“Seneca, Illinois, September 7.
“Sir: Thomas Hastings,
“I have already warned you that you have annoyed me sufficiently, and that I should pay no further attention to your letters. Yet you persist in writing to me and demanding money. On what grounds? You claim to be acquainted with a secret now many years old, and threaten to divulge it unless I will send you money. What you have to tell is of no value whatever. The man to whom you want to reveal it is dead, and his son is dead also. There is absolutely no one who takes any interest in your threatened revelation. When I think of the sums of money which I have sent you in the aggregate I am provoked with myself for my weakness. You ought to be in comfortable circumstances, but you write me that you are destitute and that your wife and child are on the verge of starvation. Well, this is not my fault. It is largely the result of your inordinate love of drink. A man like you ought never to have married. You can’t take care of yourself, much less can you care for a family.
“I have wasted more words upon you than I intended. As, however, this is the last letter I ever expect to write you, I determined to make myself understood. Let me repeat, then, you have nothing to expect from me. You have exhausted my patience, and I have no more money to send you. If you can’t support yourself in any other way, go out and work by the day, and let your wife take in washing. It is an honest business, and will help to keep the wolf from the door. In any event, don’t write again to me.
“Bradley Wentworth.”
Gerald read this letter in ill-suppressed excitement. He could not misunderstand these words, referring to the secret of which this man had knowledge. “The man to whom you want to reveal it is dead, and his son is dead also.” He, the son, was not dead, but it suited Bradley Wentworth to represent that he was. What could this secret be? It must, he felt, relate to the “debt of honor,” and to the forgery which Wentworth had succeeded in laying upon the shoulders of his friend and associate.

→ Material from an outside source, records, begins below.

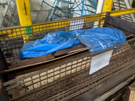 LOT OF 3 CONTAINER CAGES WITH CONTENTS, CERAMIC CASTS, STEEL FIXTURES, MOUNTS
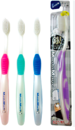 Зубная щетка премиум-класса c наночастицами серебра, сверхтонкой двойной щетиной, средней жесткости, стандартная чистящая головка, изогнутая ручка. Клиническими исследованиями доказано, что наночастицы серебра уничтожают до 99, 9 % всех бактерий, "сталкивающихся" со щетинками щетки. Щетка предотвращает появление неприятного запаха изо рта и укрепляет десны. Тонкие и мягкие заостренные верхние щетинки глубоко проникают в труднодоступные для обычных зубных щеток промежутки между зубами. Закругленные нижние щетинки прекрасно очищают зубную эмаль и не повреждают ее. Благодаря чистке зубов такими щетками улучшается кровообращение, массируются десны, повышается стойкость полости рта к инфекциям. Щетка способствует долговременному сохранению ощущения чистоты и свежести. Производится по запатентованной технологии. Антибактериальный эффект подтвержден лабораторными испытаниями.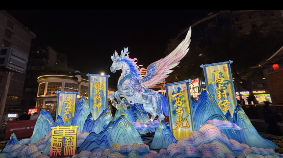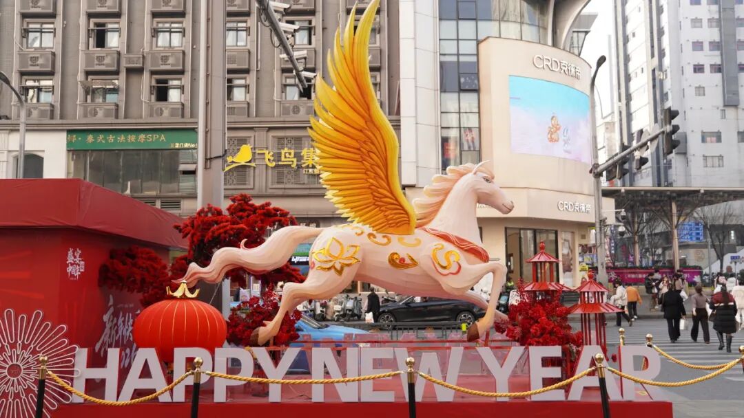 中山路天虹商场门口,大型飞马花灯栩栩如生,成了市民进店前的必拍景观。商场内的服装专柜早已把马元素新款摆上C位,备受青睐。家长们忙着为孩子挑选新年穿搭,盼着讨个好彩头。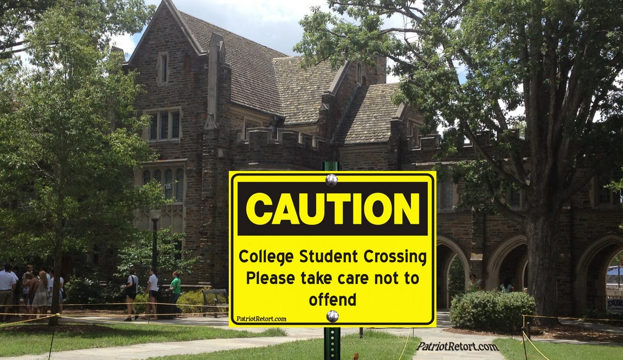 The message, of course, is a not-so-subtle shot across the bow of campus political correctness, a place where students revolt when a speaker with unacceptable views – almost always conservative -- is invited on campus or where the hyper-sensitive little darlings say they feel unsafe if someone wears a Halloween costume they don't like -- like at Yale last year.

Hastings must possess some information of great value, or Bradley Wentworth would not have sent the sums of money referred to in the letter. Clearly it was for Gerald’s interest to see Thomas Hastings, and learn what he could. He was quite in the dark as to the nature of his information, but it was unquestionably of importance. It seemed as if Providence had directed his steps to this out-of-the-way town in Minnesota, and he resolved to take advantage of his visit.
He sauntered up to the desk and in a voice of affected unconcern inquired, “Can you tell me where the man Hastings lives?”
“Are you interested in him?” asked the clerk, smilingly.
“Yes, somewhat. He looked so sad and woebegone. I might perhaps help him to a position if I could have a conversation with him and judge of his abilities.”